Chile has the fourth-highest gross national savings rate in South America after Venezuela, Ecuador and Bolivia, according to International Monetary Fund data.
The Goldman Sachs bond sale “is very appropriate for life insurers like ourselves,” Carril said. “It’s diversification and we don’t have to worry about currency derivatives. When the process of opening up markets was announced, I don’t think they really envisaged American companies coming here. It’s big news. This is part of Chile becoming more open to the world.”
Chilean life insurers would welcome a bond due in about 30 years as it allows them to match the average duration of their portfolios with the duration of the annuities they sell, Carril said. The government plans to sell 30-year fixed-rate bonds for the first time this year.
Banco Santander Chile is advising Goldman Sachs on the transaction, according to an e-mailed statement from the Santiago-based bank’s press office.
Goldman Sachs’s offering in Chile will also help the bank “further diversify” its investor base, DuVally said.
Nathan Pincheira, an economist at Banchile Corredores de Bolsa SA in Santiago, says that while Chile has one of the “deepest markets for inflation-linked bonds,” companies can get cheaper financing abroad.
The extra cost of selling 10-year inflation-linked bonds in Chile and swapping it back into dollars is about eight basis points, or 0.08 percentage point, according to Bloomberg calculations that exclude the cost of the transaction.
Selling bonds in Colombia would also be cheaper. Its government bond yields have fallen 60 basis points this year, making it about 1 percentage point cheaper to sell notes in Colombian pesos and then swap to dollars.
“I don’t know how attractive it may be from a yield point of view as rates abroad are lower than local ones,” Pincheira said in a telephone interview.
Chile introduced its inflation-linked accounting unit in 1967. Seventy-percent of the country’s local debt market is denominated in unidades de fomento.
The yield on 10-year inflation-linked government bonds fell 10 basis points in February to 2.58 percent. The yield on 10-year fixed-rate bonds dropped four basis points to 5.6 percent.
The extra yield, or spread, investors demand to buy Chile’s 10-year dollar bonds instead of U.S. Treasuries widened 21 basis points this month to 88 basis points. The spread was at a record low 51 basis points on Jan. 25.
The cost of protecting Chilean bonds against default for five years rose one basis point to 69 basis points at 2:46 p.m. in New York. Credit-default swaps pay the buyer face value in exchange for the underlying securities or the cash equivalent if the borrower fails to adhere to its debt agreements.
The peso has appreciated 1.3 percent this year. It closed unchanged today to 473.04 per U.S. dollar.

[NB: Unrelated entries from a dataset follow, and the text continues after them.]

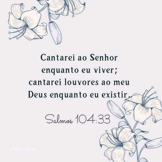Cantarei ao Senhor enquanto eu viver; cantarei louvores ao meu Deus enquanto eu existir. Salmos 104:33
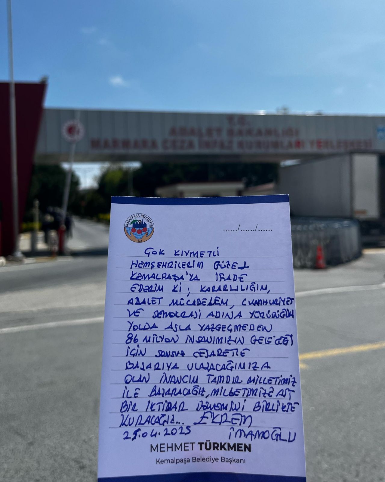Ziyaret sırasında Kemalpaşalılara özel bir not kaleme alan Ekrem İmamoğlu, şu sözlerle duygularını dile getirdi:
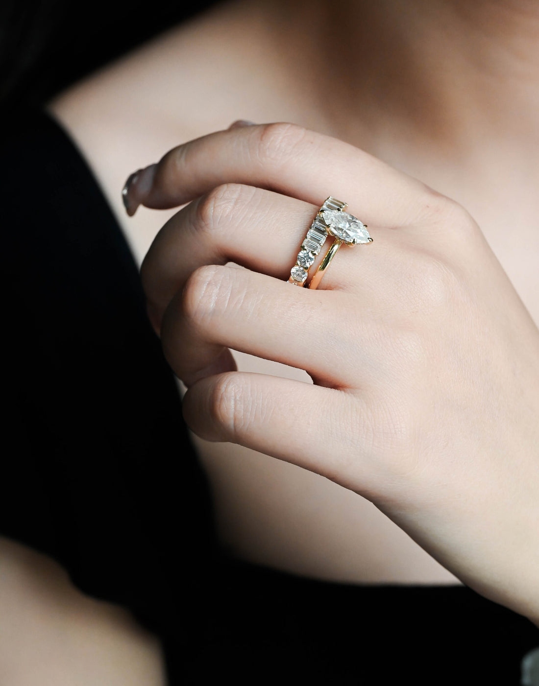 Pear Cut Moissanite Engagement Ring, Unique Gold Wedding Ring Set, Moissanite Bridal Set, Promise Ring for Women, Anniversary gift for woman
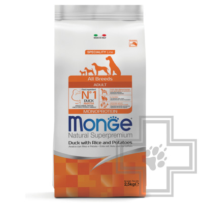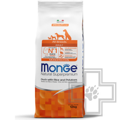 Monge Monoprotein Корм для взрослых собак всех пород, с уткой, рисом и картофелем
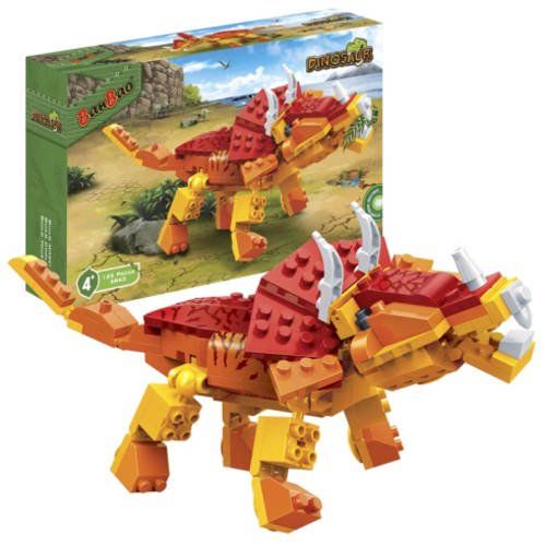 Набор конструктора из серии "Динозаврики" состоит из 125 элементов с помощью которых можно собрать фигурку динозавра - трицератопса. Детали набора небольшого размера, предназначены для детей старше 4-х лет.
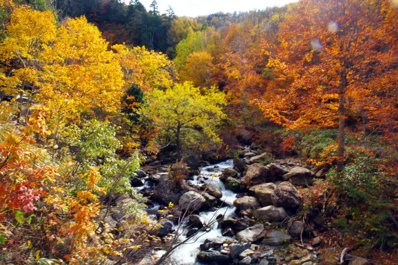| 群馬県みなかみ町にある紅葉の名所、照葉峡には、12年前の紅葉真っ只中の時に訪れています。今回は新潟県湯沢町にある苗場ドラゴンドラを訪問する前日で、今年の照葉峡の紅葉はきっと素晴らしいに違いない・・と予想して再訪したのです。そして天気も上々、期待にたがわず目の覚めるような紅葉景色に出会えました。俳人、水原秋桜子が命名したという大小11の滝との美しい紅葉写真も撮れて大満足です。 |
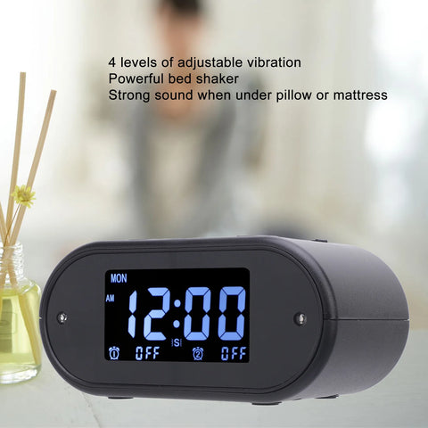 Le réveil gros dormeur propose 4 niveaux de vibrations et 4 niveaux sonores réglables, ainsi que 3 modes de programmation de jours (tous les jours, du lundi au vendredi, ou uniquement le week-end) et 2 alarmes programmables simultanément. Vous pouvez ainsi personnaliser votre réveil en fonction de votre emploi du temps et de vos besoins.
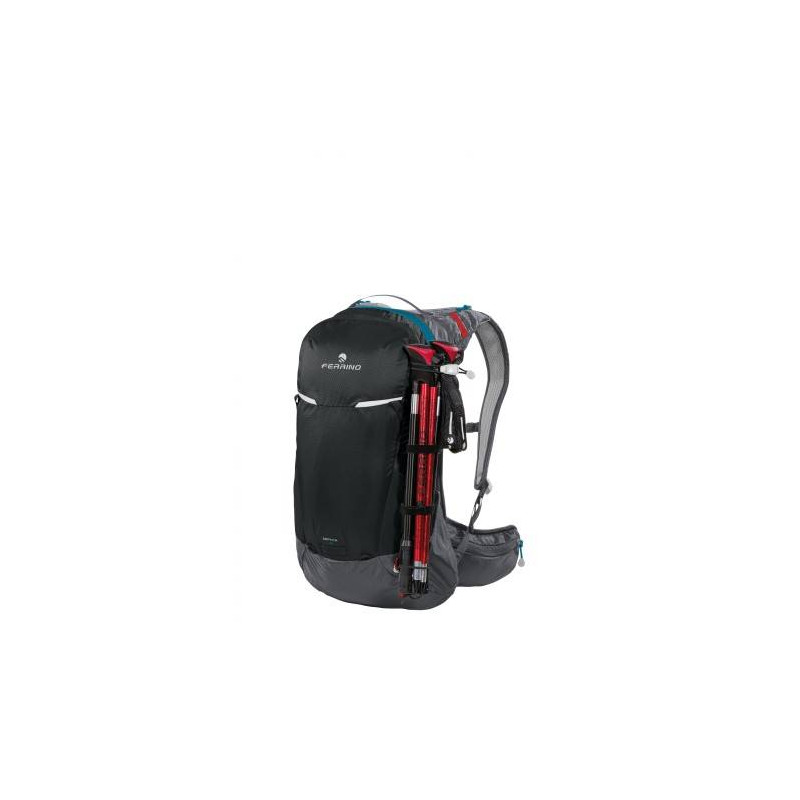 Tasche: Laterali in rete | Di sicurezza in rete con portachiavi | Frontale | Su fascia a vita | Interna sul dorso Accessori: Copri zaino | Porta bastoncini | Compatibile col sistema di idratazione H2 Bag | Asole porta casco | Compatibile con "Helmet Holder" | Loghi rifrangenti | Passante posteriore per la luce di sicurezza | Cinturino pettorale con fischietto d’emergenza

Chile has a so-called flat yield curve compared with the U.S., which means companies can obtain lower borrowing costs for similar-maturity debt, according to Gonzalo Menendez, the chief investment officer for mutual funds at Cruz del Sur Administradora General de Fondos in Santiago.
Chile’s 30-year inflation-linked bonds yield 2.8 percent, eight basis points more than 20-year debt and 22 basis points more than 10-year notes. U.S. Treasuries due in 30 years yield 3.10 percent, or 1.21 percentage points more than the 10-year securities.
“The local long-term yield curve is very flat; this means that they can pay a lower yield than if they went to sell at a similar maturity in another country,” Menendez said in a telephone interview. “Demand will come mostly from insurance companies, to match their long-term assets with their liabilities.”